Sunday, May 17, 2009

NYT No-Knead White Bread

Bread, oh how do I love thee. While many the low carb phenomenon, I still love you and can call no meal complete without you.

From an early age I was very much aware that bread is the glue of every meal. The vessel to sop up that olive oil from my mom's braised green beans. The perfect scoop to reach every last drop of soup. Even though my various travels have brought me to fine dinning establishments throughout the world, I still contend there is no greater meal then fresh crusty bread, good feta and olives from Messinia.

I hate to stand on a soap box but, Wonderbread and it's evil spawns have single handily smeared (no pun intended) the reputation of bread. While the move toward artisan breads, that blows the wonder stuff out of the water, is a step in the right direction, the cost can be prohibitive. As an avid bread consumer the weekly bill for various loaves range from $15-$20 a week. I have therefore taken steps to have reduce purchases to only 1 loaf per week and supplement with homemade bread.

While both my mom and yiayia made bread at home, I have opted for a more standardized recipe that creates a wonderful, nutritious, cost effective crusty white bread but above all is so incredibly easy.

No-knead bread came in fashion in 2006 when the New York Times profiled this recipe adapted from the Sullivan Street Bakery in New York City. Thankfully since then there have many well written books that cover the subject of easy homemade breads. I look forward to trying many of these recipes!

No Knead White Bread
New York Times, Adapted from Jim Lahey, Sullivan Street Bakery
Time: About 1½ hours plus 14 to 20 hours’ rising
Yields 1 loaf

3 cups all-purpose or bread flour, more for dusting
¼ teaspoon instant yeast
1¼ teaspoons salt
Cornmeal or wheat bran as needed.

1. In a large bowl combine flour, yeast and salt. Add 1 5/8 cups water, and stir until blended; dough will be shaggy and sticky. Cover bowl with plastic wrap. Let dough rest at least 12 hours, preferably about 18, at warm room temperature, about 70 degrees.

2. Dough is ready when its surface is dotted with bubbles. Lightly flour a work surface and place dough on it; sprinkle it with a little more flour and fold it over on itself once or twice. Cover loosely with plastic wrap and let rest about 15 minutes.

3. Using just enough flour to keep dough from sticking to work surface or to your fingers, gently and quickly shape dough into a ball. Generously coat a cotton towel (not terry cloth) with flour, wheat bran or cornmeal; put dough seam side down on towel and dust with more flour, bran or cornmeal. Cover with another cotton towel and let rise for about 2 hours. When it is ready, dough will be more than double in size and will not readily spring back when poked with a finger.

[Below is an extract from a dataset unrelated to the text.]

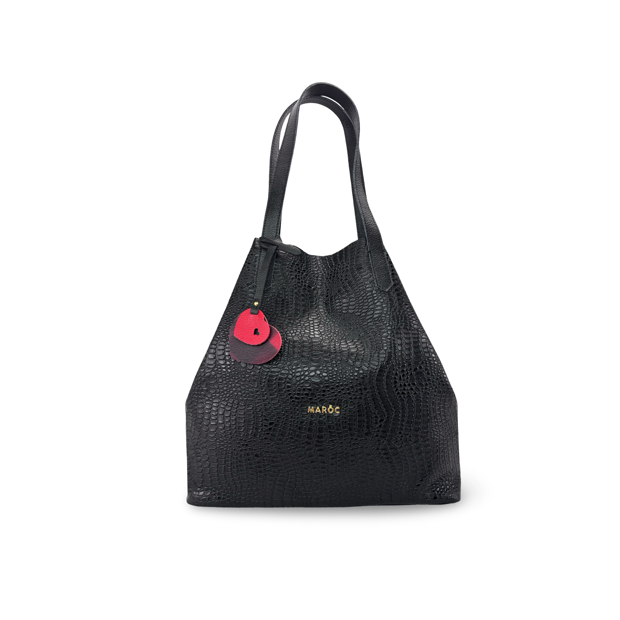 Este bolso Tote, elegante y moderno está elaborado en 100% cuero vacuno grabado, con herrajes en zamak que aportan durabilidad y estilo premium. Su diseño incluye charm decorativo de corazones y herraje frontal con la marca MAROC, que realzan su sofisticación. Con dimensiones aproximadas de 30 x 30 x 15 cm, cuenta con compartimento interno para guardar el celular y mosquetones de ajuste que permiten transformar la estructura del bolso según tu estilo y necesidad. Hecho en Colombia, combina funcionalidad, versatilidad y diseño exclusivo.
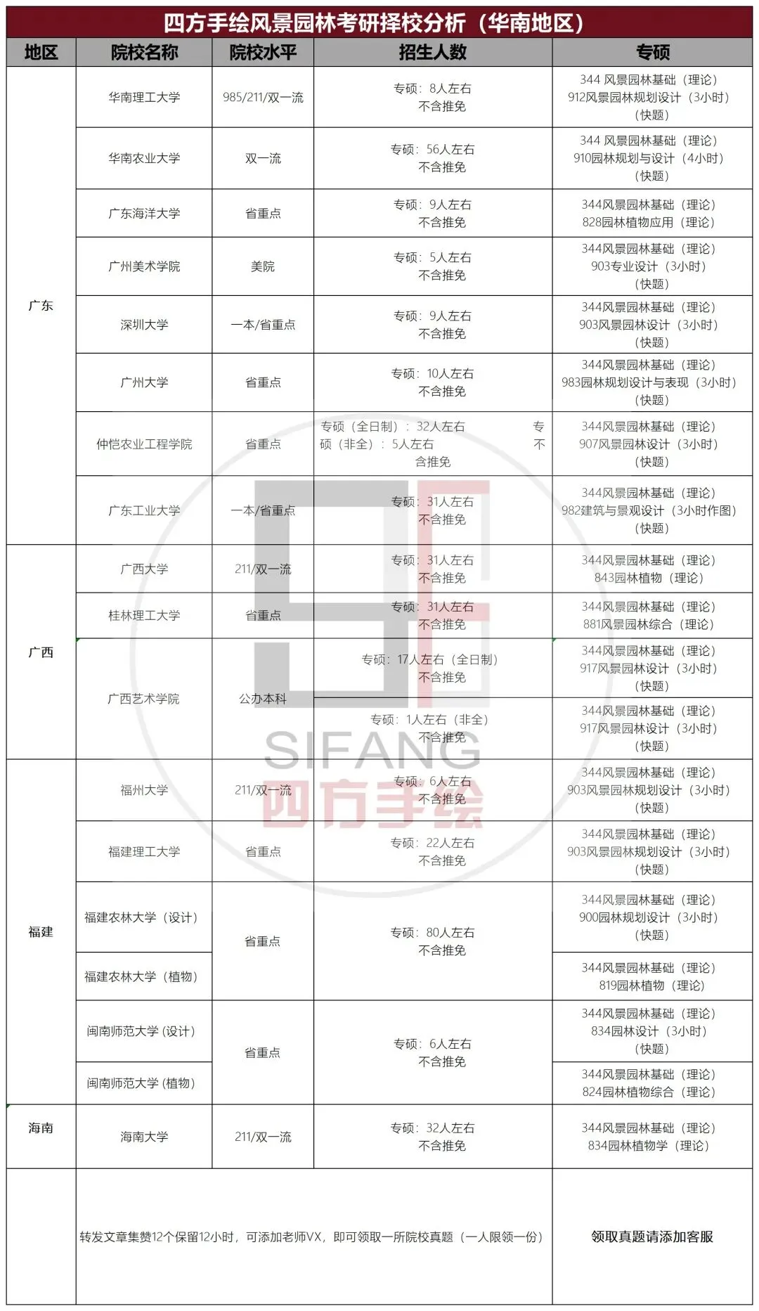 华南地区有2所211+2所双一流院校招生,广西大学、海南大学、华南农业大学、福州大学,考双理论和理论+快题的院校均有,学校学科实力强劲,考察难度适中,值得冲。

4. At least a half-hour before dough is ready, heat oven to 450 degrees. Put a 6- to 8-quart heavy covered pot (cast iron, enamel, Pyrex or ceramic) in oven as it heats. When dough is ready, carefully remove pot from oven. Slide your hand under towel and turn dough over into pot, seam side up; it may look like a mess, but that is O.K. Shake pan once or twice if dough is unevenly distributed; it will straighten out as it bakes. Cover with lid and bake 30 minutes, then remove lid and bake another 15 to 30 minutes, until loaf is beautifully browned. Cool on a rack.
Yield: One 1½-pound loaf.


Betty's Cuisine said...

mmm...I can smell it from here!!! Nothing like fresh baked bread...

BMK said...

Looks delicious! I love that its so easy too!

Peter M said...

I use the ABin5 no-knead method but this is similar. Welcome to bread making!

Ellie said...

This looks great! I need to try the no-knead method!